На крутом повороте экономической истории конца XIX — начала XX вв. «конкурентные преимущества» банковского капитала над промышленным капиталом проявились в полной мере.
Конкурентоспособность любых двух компаний определяется крайне просто: у кого ниже издержки производства, у того (при прочих равных условиях) выше рентабельность, а у кого выше рентабельность, тот и побеждает. Если сравнивать таким образом банковский и промышленный виды бизнеса, то очевидно: у банкира, который наладился делать новые деньги «из воздуха», рентабельность по определению выше, чем у промышленника, которому надо тратить миллиарды на сырье, машины, рабочую силу и т.п. (торговый капитал занимает промежуточное положение между промышленным и денежным; из нашего сравнения мы его исключаем для простоты рассуждений). Еще раз повторяем: эта конкурентная слабость промышленного капитала проявилась лишь при значительном падении нормы прибыли в сфере производства. Слово «конкуренция» мы здесь используем с оговорками: дело в том, что тот же банкир мог участвовать (и участвовал) в капитале многих промышленных компаний, т.е. конкурировать сам с собой он не мог. Речь идет лишь о том, что привлекательность промышленного бизнеса стала снижаться относительно привлекательности банковского бизнеса.И на протяжении значительной части XX века эта очевидная истина не была еще очевидна всем. Были различные «всплески», которые «оживляли» промышленную активность на Западе (например, в условиях подготовки стран к войнам, когда резко увеличивались ассигнования государства на военные закупки). Также следует отметить, что относительное уменьшение привлекательности промышленности в странах Запада еще не означает, что промышленность была обречена на полную и окончательную «смерть». В определенной мере буржуазное государство поддерживало (и продолжает поддерживать) «на плаву» промышленность (шире — «реальный сектор экономики»). И не только по соображениям национальной безопасности, сохранения рабочих мест или еще каким-то «высшим» мотивам. Как в мире природы паразит не может существовать без организма-донора, так и банкам нужны хоть какие-то компании и бизнесы как «клиенты». При внимательном рассмотрении обнаруживается, что эти «клиенты» (нередко «полуживые» компании, находящиеся на грани банкротства) действительно похожи на организмы-доноры, питающие банки-паразиты.
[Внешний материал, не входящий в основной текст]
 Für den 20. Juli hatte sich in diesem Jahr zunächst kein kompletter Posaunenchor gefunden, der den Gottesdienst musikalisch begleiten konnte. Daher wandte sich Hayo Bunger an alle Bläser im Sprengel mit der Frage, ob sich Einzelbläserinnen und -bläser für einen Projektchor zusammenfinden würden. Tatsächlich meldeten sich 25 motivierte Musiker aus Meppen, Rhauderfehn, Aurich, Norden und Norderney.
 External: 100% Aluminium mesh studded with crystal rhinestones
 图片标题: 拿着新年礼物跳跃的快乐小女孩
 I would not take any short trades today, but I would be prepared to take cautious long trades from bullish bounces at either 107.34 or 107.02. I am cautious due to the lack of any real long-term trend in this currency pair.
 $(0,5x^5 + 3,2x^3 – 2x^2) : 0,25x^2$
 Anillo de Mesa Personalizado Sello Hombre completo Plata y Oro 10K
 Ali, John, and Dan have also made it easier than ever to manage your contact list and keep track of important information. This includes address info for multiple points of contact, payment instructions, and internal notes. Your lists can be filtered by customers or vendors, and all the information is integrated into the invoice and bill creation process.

В начале XX века над вопросом: «Какой капитал (промышленный или банковский) главнее и важнее?» задумался австрийский экономист Рудольф Гильфердинг.
Свои мысли на этот счет он изложил в своей известной книге «Финансовый капитал». В отличие от Маркса Гильфердинг не «замазывал» различия между промышленным и банковским капиталом, более того, он считал неизбежной непримиримую борьбу между этими двумя видами капиталов. Он вводит понятие «финансовый капитал», которое помимо чисто «банковского капитала» включает в себя любые формы капитала, подконтрольные ростовщикам. Финансовый капитал, по Гильфердингу, — сплав банковского, торгового и промышленного капиталов, причем последние два вида подчинены банкам. Фактически ростовщики перестают довольствоваться лишь частью прибавочной стоимости в виде ссудного процента, они попирают законы «капиталистического братства» и посягают на всю прибавочную стоимость. Борьбу нефинансового и финансового (банковского) капиталов Гильфердинг представлял как противостояние «анархичных» промышленных предпринимателей (как правило, местных, имеющих национальную привязку) и организованного финансового капитала, слабо связанного с национальными государствами, часто действующего одновременно в нескольких или многих странах. Как прямолинейно выражался венский соратник Гильфердинга Отто Бауэр, при построении социально-экономических прогнозов исходить надо из «противоположности интересов между еврейским торгово-ростовщическим и христианским промышленным капиталами»[252].